The account of the dwarfs in the interior of Santo, according to our friend, was more of a legend than anything else. He believed that they had been seen from time to time in the foothills, although he had never laid eyes on them. But he said quite decidedly that no village of the “small fellow boys” was known to exist.

“Where have they been seen?” asked Stuart.

“No see ’em altogether,” said Johnny Gorai.

He explained this remark in the following manner. The dwarfs of the hills had made their presence felt mainly by raids on outlying villages of the coast folk. They had carried off pigs, yams, and fowls and even dogs. When pursued they had vanished back into their retreats swiftly.

“Probably it was merely one tribe of the coast fellows raiding the other,” I suggested, pegging down the tent.

Johnny Gorai denied this. Said the dwarfs had been followed into the hills, but had not been found in a body. It was dangerous, he asserted, to pursue them too far. The hills of Santo were nearly impassable.

“Looks like a nigger story, Jack,” I told the lad. “You may be sure that if there was a village of these dwarf chaps, the people on the coast would know of it.”

“Maybe not. I have heard of some tribes that had their habitations where they couldn’t be found.”

“Such as—where?” I asked, rather nettled by the assured way in which he spoke.

“Oh, above the earth or under it,” he said vaguely, and I returned in disgust to my tent.

After dinner we took our pipes a short distance away from the embers of the fire, leaving Johnny Gorai grumbling in front of the tent. If any raid was planned on our camp, I was going to be sure that our “pilot” got the full effect of it and not us. Stuart and I had agreed to stand watch in turn, for we were not in exactly safe surroundings.

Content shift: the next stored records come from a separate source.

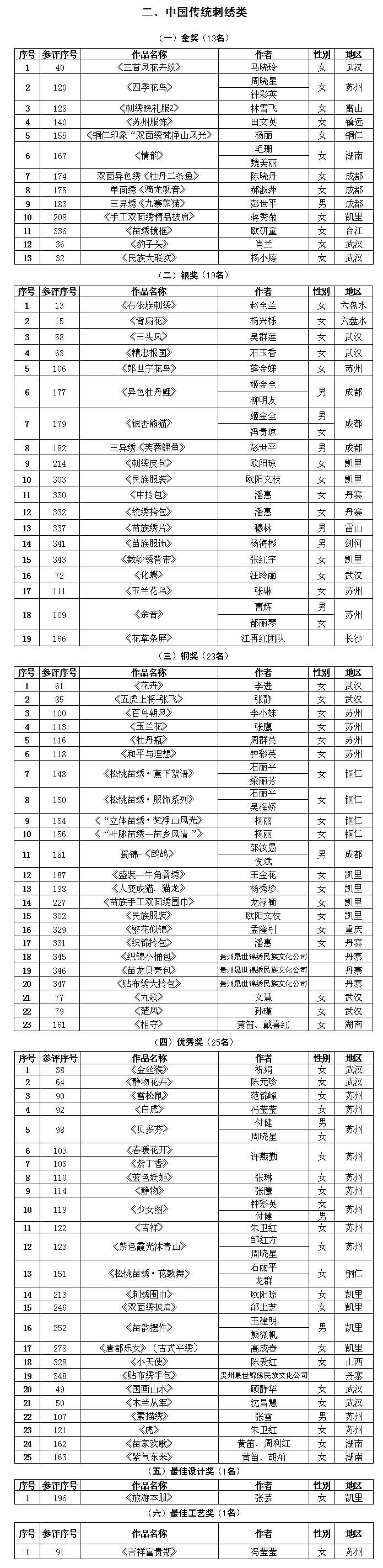 2012中國·凱里銀飾刺繡博覽會參評作品獲獎名單
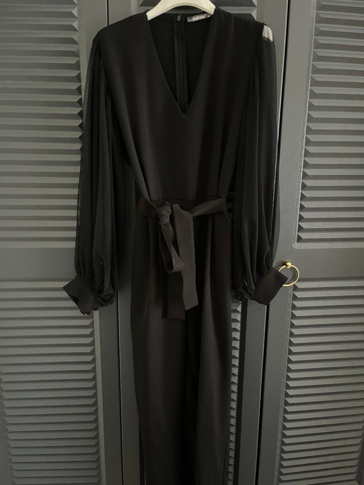 M beden. 1 kez giyildi. Kolları tül, V yaka, siyah, beli kuşaklı, cepli tulum. Boyun kısmı fermuarlı. Şık bir ürün
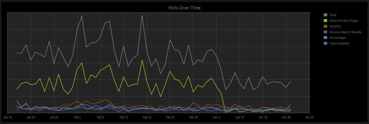 This is interesting, this shows the green "other product pages" line (which I believe is links between similar games?) flatlining like has happened to many afflicted games. But this apparently started THIS MONTH. I... I have no explanation for this.https://twitter.com/SuperSixStudios/status/1108943172464312320 …

We were reasonably sure, of course, that the coast natives had not followed us in canoes, and they could not possibly have kept up with us by running through the dense mangrove thickets on the banks. Still, with Johnny Gorai about, it paid to take precautions.

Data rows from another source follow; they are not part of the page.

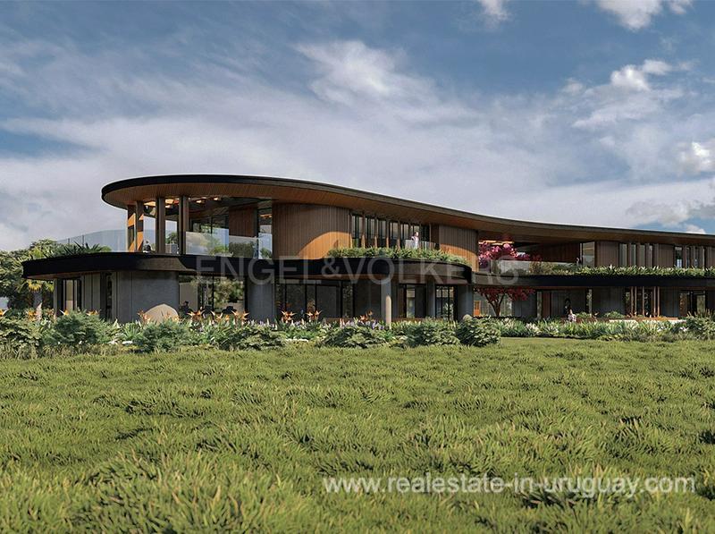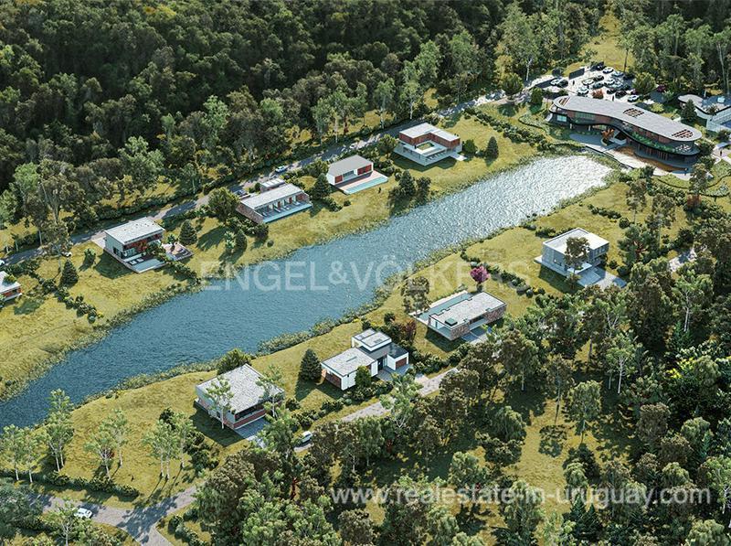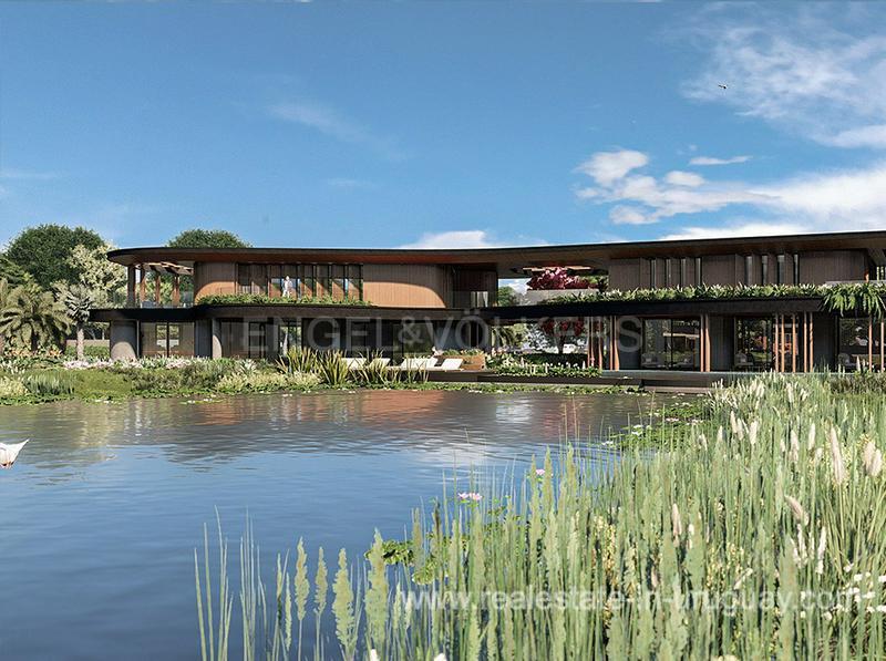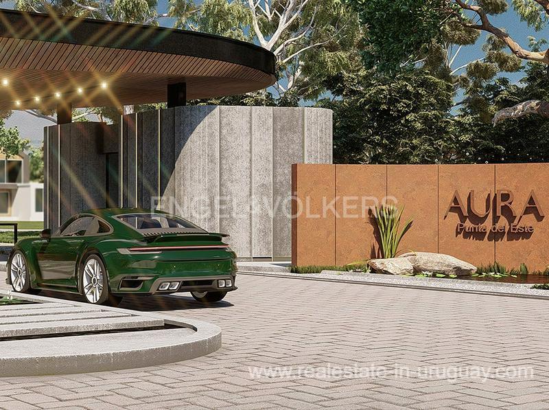 Aura Brava is a unique gated community in Punta del Este with more than 700 linear meters on Cantegril Golf Course, with a strategic location very close to the sea. It is built on a plot of 22 hectares and is designed for those seeking to live at one with nature without losing the comfort of an environment providing the best amenities and full security. Among the amenities we find four natural lagoons, a clubhouse, a heated indoor pool and outdoor pools for adults and children, a gym, a kids club, clay tennis courts, glazed paddle courts, and a shuttle service to the beach, including a sustainability program, thus developing not only productive processes in harmony with and with respect for nature, but also enhancing biodiversity. In addition, it will have a state-of-the-art security service with monitored access control. Shuttle service to the beach, including a sustainability program, thus developing not only productive processes in harmony with and with respect for nature, but also enhancing biodiversity. In addition, it will have a state-of-the-art security service with monitored access control. Within its landscape design, there is an old plantation of various species combined with water holes, roadways, and species characteristics of the area.
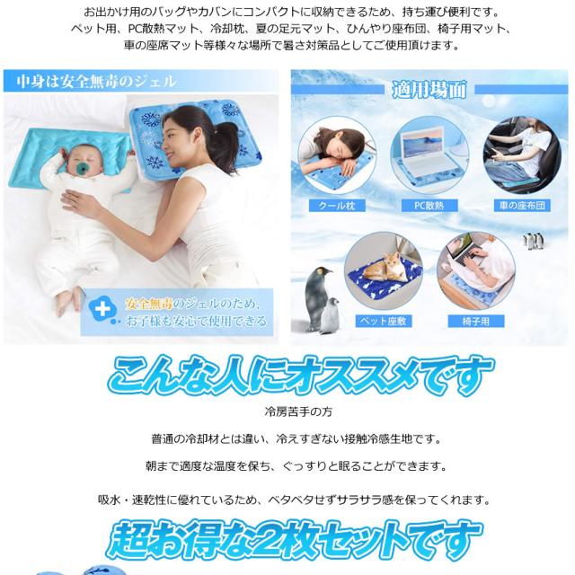 吸熱力高いジェルを採用しており、体の熱をすばやく吸収して、温度を下げてくれます。こ簡単な物理原理で、赤ちゃんや子供、ペットもご安心に使用していただけます。
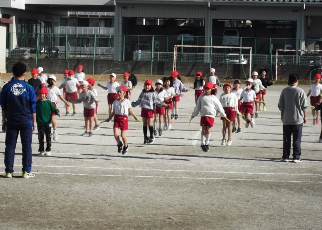 1月28日と29日に実施する「短縄記録会」に向けた練習が、本日から始まりました。学年目標として、1,2年生は前跳び1分間、3年生は1分30秒です。
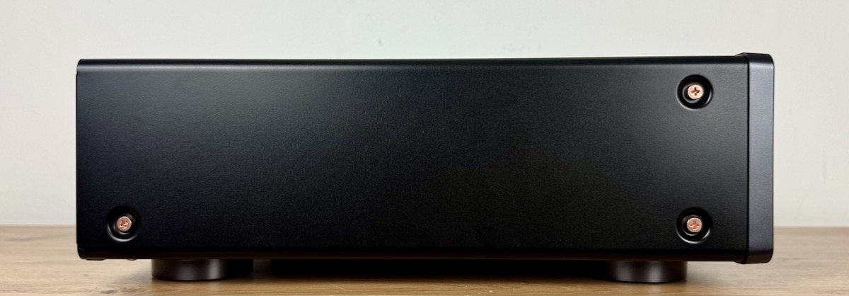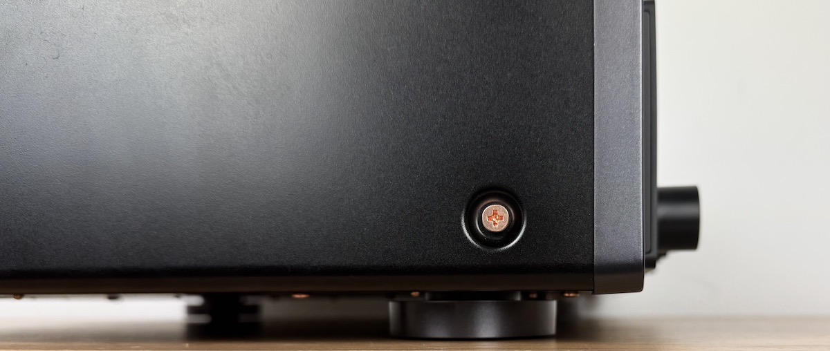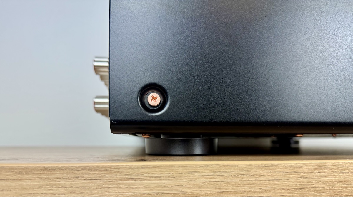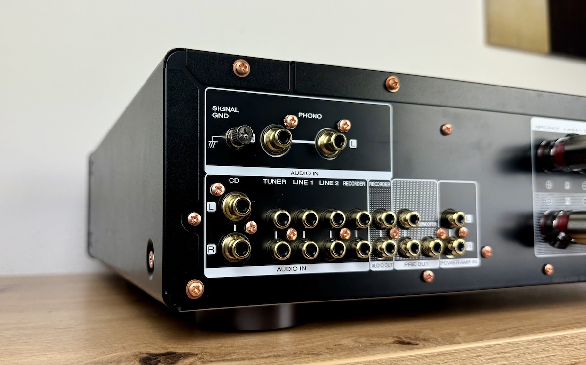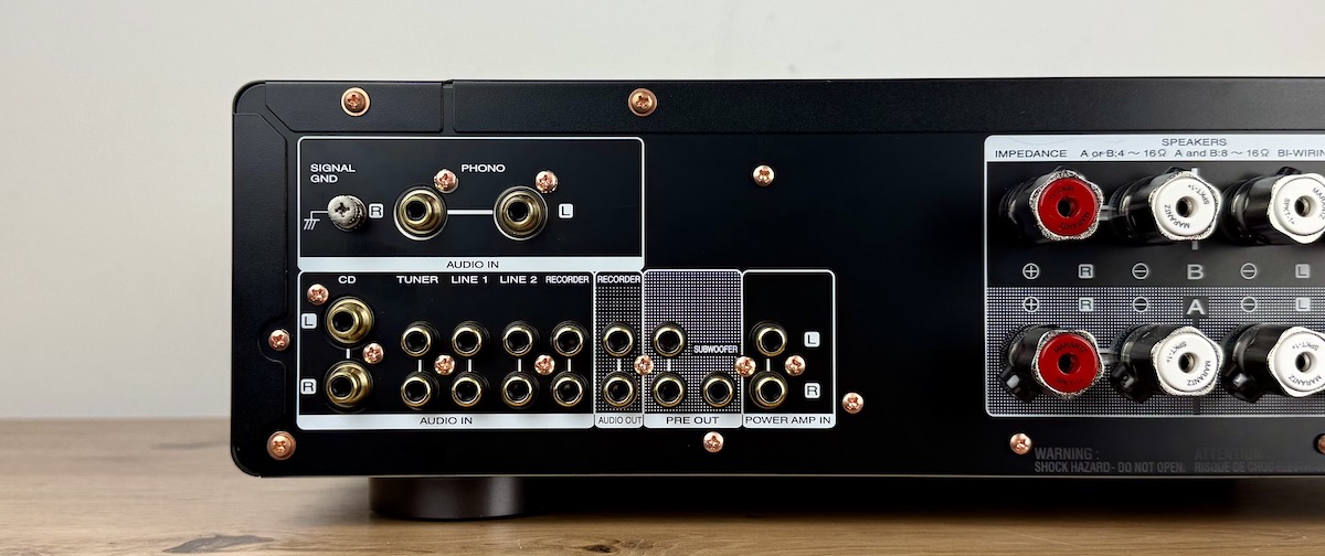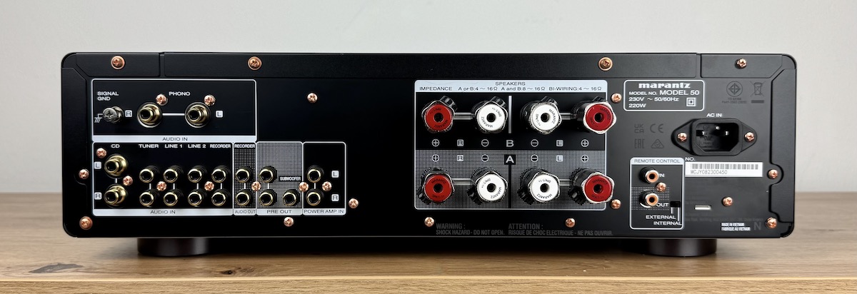 Auch die Rückseite präsentiert sich in exzellenter Qualität, die Schraubanschlüsse für die Bananenstecker oder Kabelschuhe sind überdurchschnittlich hochwertig, das gilt auch für den Cinch-Phono-MM-Anschluss. Die Seitenteile und die Rückseite wurden beim Marantz Model 50 ist mit Kupferschrauben befestigt.

While we smoked, we talked over our schedule of travel. We would go, we decided, as far as the river went without wasting time. Once at the source of the Jordan we would hide the canoes with some of the provisions and make our way to the nearest mountaintop where we could get an idea of the country.

Mind you, we had no conception of the location of Don Quiros’ city. I let Stuart do the talking, for I wished him to be author of everything we did. In this manner I hoped that he would become discouraged sooner than if I joined in his plans.

No, I did not think we would find the lost city of Jerusalem, or rather its ruins. Still less did I believe we would find any trace of the men of Don Quiros. Knowing the almost impenetrable vegetation of some of the larger islands, I thought that our search would be made difficult enough to convince Stuart that the task was hopeless.

Of course I said nothing to him, other than to agree to what he proposed. I had come with him because there was no way of turning him—a lad of age and his own master—back from the venture and I wanted to bring him back alive and sound.

Yet his plans were sensible, surprisingly so. Only I did not believe the ruins we were looking for existed. He said that Don Quiros had certainly gone up the river; that he had undoubtedly followed it far from the coast, as the purpose of the wanderers was to found an isolated settlement; that we would he likely to guess, from the nature of the country, where the Spaniards had landed.

The lad’s eagerness wrought upon me, and I felt a glimmering of the hope that had drawn him to Santo.

Yet I had no belief in his venture. I did not think we would even see the fugitive tribe that was called dwarfs, not knowing that I was to see this, and stranger things, before I again set foot on the Madeleine.